Danke für die Mühe die ihr euch gemacht habt. #6


----------



## Skrxnch (18. Dezember 2013)

*AW: Video: Fischfarce, Fischsoße, Fischklößchen und Fischbuletten - AnglerboardTV*

Hallo Thomas,

danke war sehr lehrreich und auch inspirierend mal was neues zu wagen!

Jedoch auf Schlagsahne stehe ich nicht so drauf. Klappt das auch mit saurer Sahne/Schmand/Sauerrahm? 
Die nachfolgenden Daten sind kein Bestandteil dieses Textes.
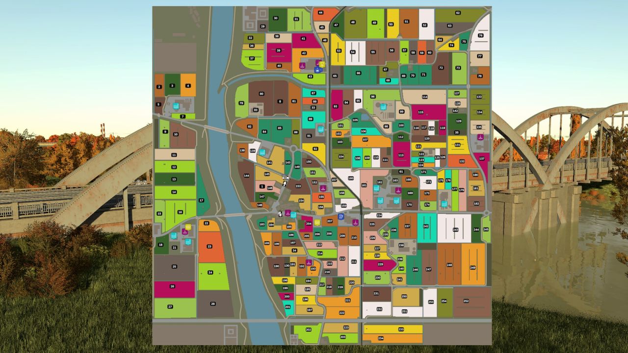 – Ackerland Nr. 1 ist das Gebiet um den Fluss und um die Hauptstraße (das Spiel platziert die Nummer des Ackerlandes in der Nähe des Feldes Nr. 146). Kaufen Sie es für 0 $, um in diesen Gebieten Gras zu mähen
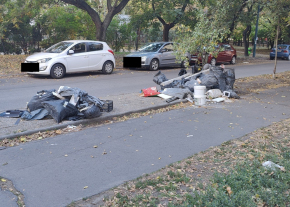 Kàroly utca és Fehérvíz utca talàlkozàsànàl ott felejtett vagy lombtalanítàs óta odahordott zöldhulladék a közterületen.
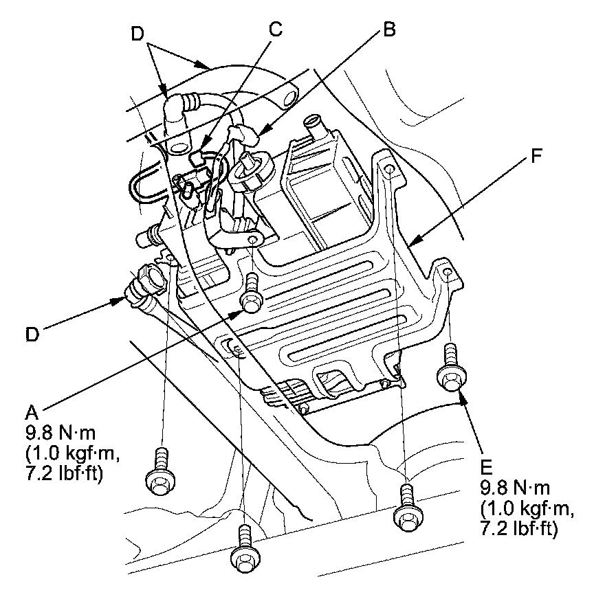 2. Remove the bolts (E), and move the EVAP canister assembly (F) to the rear.
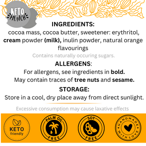 Ingredients: cocoa mass, cocoa butter, erythritol, cream powder(milk), inulin powder, natural orange flavouring
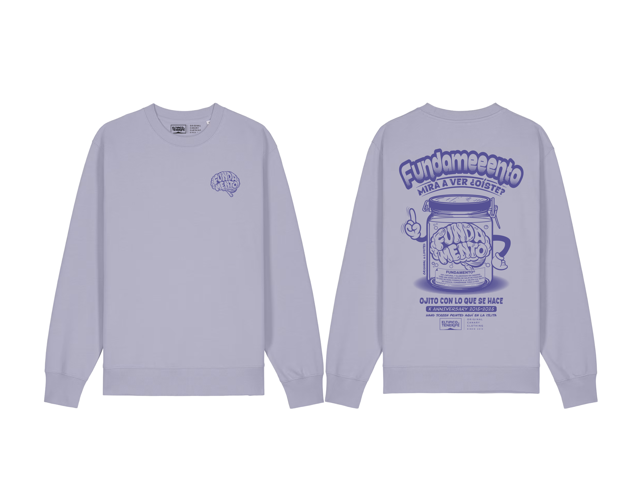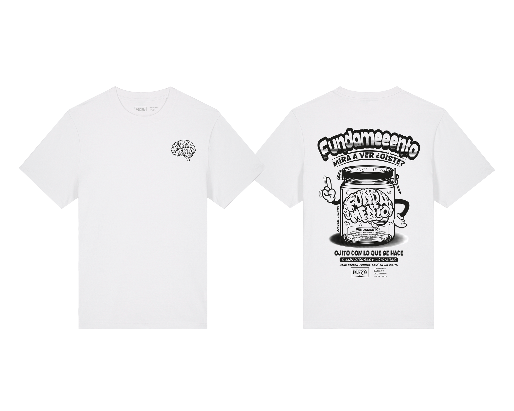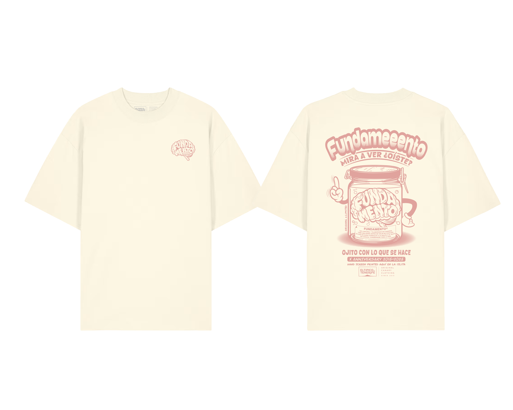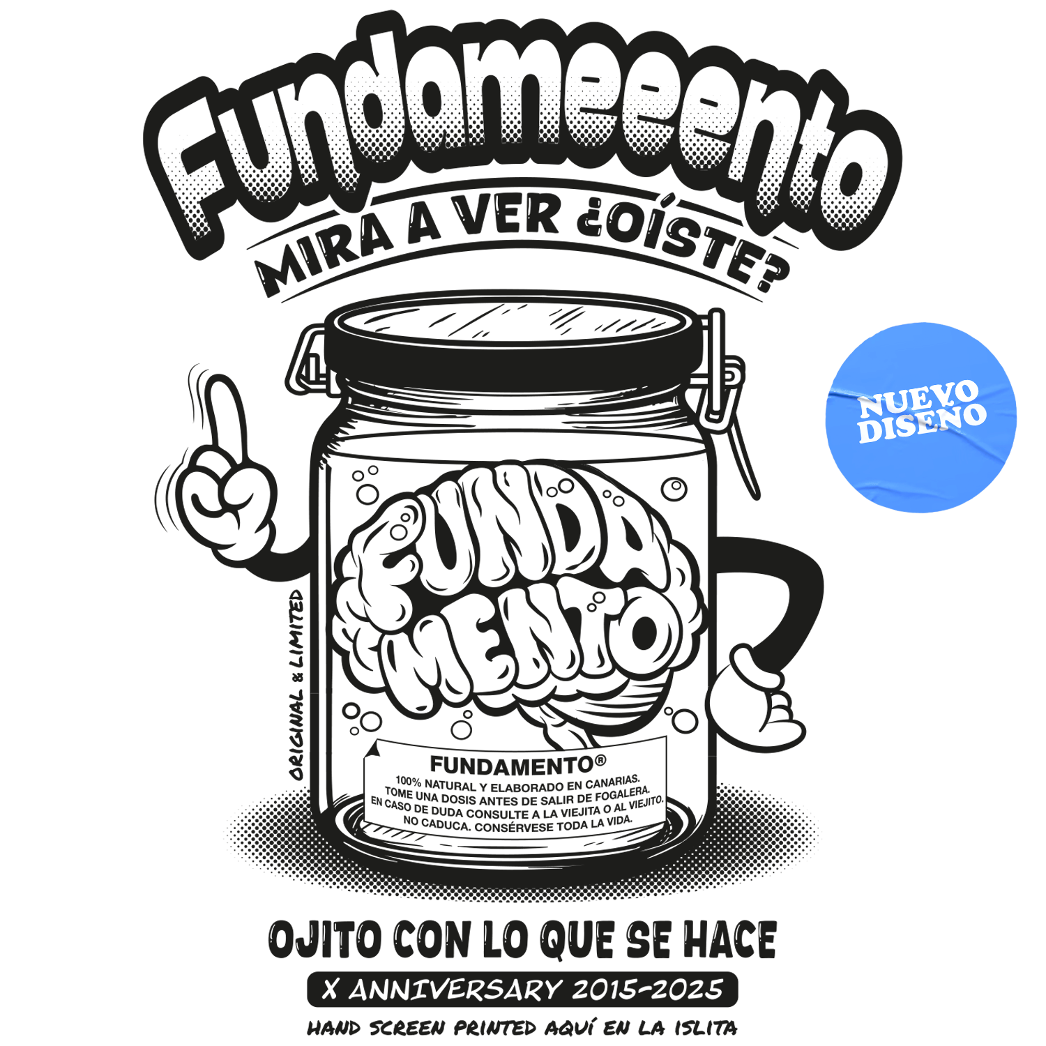 Sobre el frasco, el título aparece alargado como se pronuncia realmente (“FUNDAMEEENTO”), con ese tono que advierte con ternura. Está acompañado de un “Mira a ver, ¿oíste?” y un “Ojito con lo que se hace”, completando el trío de expresiones reconocibles.

Was müsste man da evtl. verändern (evtl. weniger Zucker und Salz), oder würdest Du definitiv davon abraten?

LG, Skronch


----------



## Thomas9904 (18. Dezember 2013)

*AW: Video: Fischfarce, Fischsoße, Fischklößchen und Fischbuletten - AnglerboardTV*

Wenn, dann Schmand oder creme fraiche - du brauchst das Fett.
Am besten wird's mit Sahne von der Konsistenz, du kannst auch mit Zitrone oder Limone für etwas Säure abschmecken.


----------



## Skrxnch (19. Dezember 2013)

*AW: Video: Fischfarce, Fischsoße, Fischklößchen und Fischbuletten - AnglerboardTV*

Merci, Creme fraiche hatt ich vergessen.
Wird ausprobiert bei nächster Gelegenheit.
Ich koche auch Wild eher mit Schmand, etc. und nie mit Sahne.
Mag auch keine Preiselbeeren Rotkraut dazu. Also eher etwas deftiger.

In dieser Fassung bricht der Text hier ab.